Bienvenido Gustavo on a newspaper vending machine
Later John mentions the first rehearsal of City Noir led by boy wonder Gustavo Dudamel in Walt Disney Hall. I was one of very few people allowed to listen. The musicians had prepared for the rehearsal but none of them could have much of an inkling how John intended their parts to fit together. Loud things came out soft. Soft things loud. It came apart. It came back together again. Somehow Dudamel kept it all racing along - the entire piece. When he conducts, his hair subdivides the beat.

The composer, conductor and all the players were hard at work. Their job was to make City Noir sound correct; they had a very limited time for this. On the other hand, my job had been completed weeks before. I was just hanging out, listening in a manner none of them could afford, following the score as it whipped past.

And I was blown away. A roller coaster with breakneck twists and turns could never be that much fun. It was a simply amazing, mind-blowing thirty minutes of music, as if the spirit of Charles Mingus had somehow gotten into the souls of the Los Angeles Philharmonic. It was rough. It was raw. It rocked. Most likely I was the only one there enjoying this experience, it was indeed a great time which I shall not soon forget. At the end I just laughed.

Of course, you could never intentionally make an orchestra play like that. You do not tell a symphony orchestra to "Wail". By the second rehearsal the piece was taking its proper shape. Each rehearsal refined the music a bit more. I liked the finished piece as well. It's also a wild ride. But not as wild as that first reading.

Future orchestras, preparing City Noir, will have recordings to refer to so players will know when to project and when to hold back. The one-time unique experience I witnessed, nothing at all like the piece itself, is lost forever.

Ivy the cat behind manuscript and proof copies from John Adams' Doctor Atomic 2006
John also mentions how the players ask him questions - including about the B Double Sharp. I heard a lot about this note before and during the rehearsals. For you non-musicians, a B Double Sharp is a completely theoretical musical notation - it sounds the same as the familiar pitch C sharp. I can't think of a reason it would ever be used legitimately. Any suggestions?

This particular B Double Sharp is played by the Second Violins, Violas and Second Trumpet in measure 183 of movement one of City Noir. I just checked again. It really is in the manuscript - twice. Had I been thinking more clearly, I would have just changed it to a C#. The music would have sounded identical and no one would have noticed. Even the composer himself.

John Adams & David Ocker, at premier of Transmigration of Souls 2002
Read about how I was reduced to tears by a performance of one of John's pieces.
Read any or all of the Mixed Meters posts tagged "John Adams".




Hell Mouth Tags: . . . . . .

6 comments :

Scott Fessler said...

I'm so very jealous.
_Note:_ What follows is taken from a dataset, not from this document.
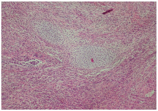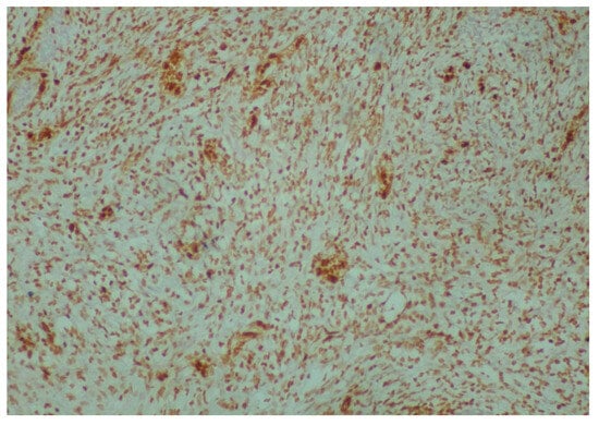 Synovial sarcoma (SS) is another relatively common sarcoma affecting the soft tissues [,]. This lesion accounts for 5% to 10% of soft tissue sarcomas and is most common in the extremities, especially the lower extremities []. Synovial sarcoma of the head and neck area is rare (6–7% of all cases) [,,]. The neck, hypopharynx, and parapharyngeal space are most commonly affected []. In contrast, the oral cavity is rarely affected []. SS affects mostly minors, with a mild male predilection [,]. SS does not arise from true synovial cells but rather from multipotent mesenchymal cells []. Lesions in the head and neck have a worse prognosis than those in other sites []. SS is divided into four categories, with biphasic being the most frequently observed []. The immunohistochemical examination is crucial for differential diagnosis; SS is positive for epithelial markers, such as cytokeratin, epithelial membrane antigen (EMA), as well as vimentin, and is usually negative for CD34 and FLI-1 [].

So very, very jealous. Couldn't you have smuggled in some little digital recorder?

David Ocker said...

Not only could I have smuggled, I did. The point-n-shoot which is always in my pocket has an audio record mode. Had I known what was about to happen I might have whipped it out. But I didn't. Let me assure everyone involved: I didn't.

ericnp said...

I try to be double sharp as often as possible.

Anonymous said...

Never mind me. I'm just a little bird over here on the window sill listening in. Can't contribute much to the conversation but enjoyed the seven minutes you linked to. Great that you were there for the magic

MarK said...

A very important update:
After the first couple of rehearsals, the composer wisely changed the absurd B-double-sharp to a nice and comfortable B-sharp.

David Ocker said...

MarkK - It took a while, but today John finally confirmed to me that you're absolutely correct. It IS a B Sharp. Still, future musicologists will always have the original manuscript to ponder the existential meaning of that double sharp.

So how did you know he had made that decision? (As if I couldn't guess.)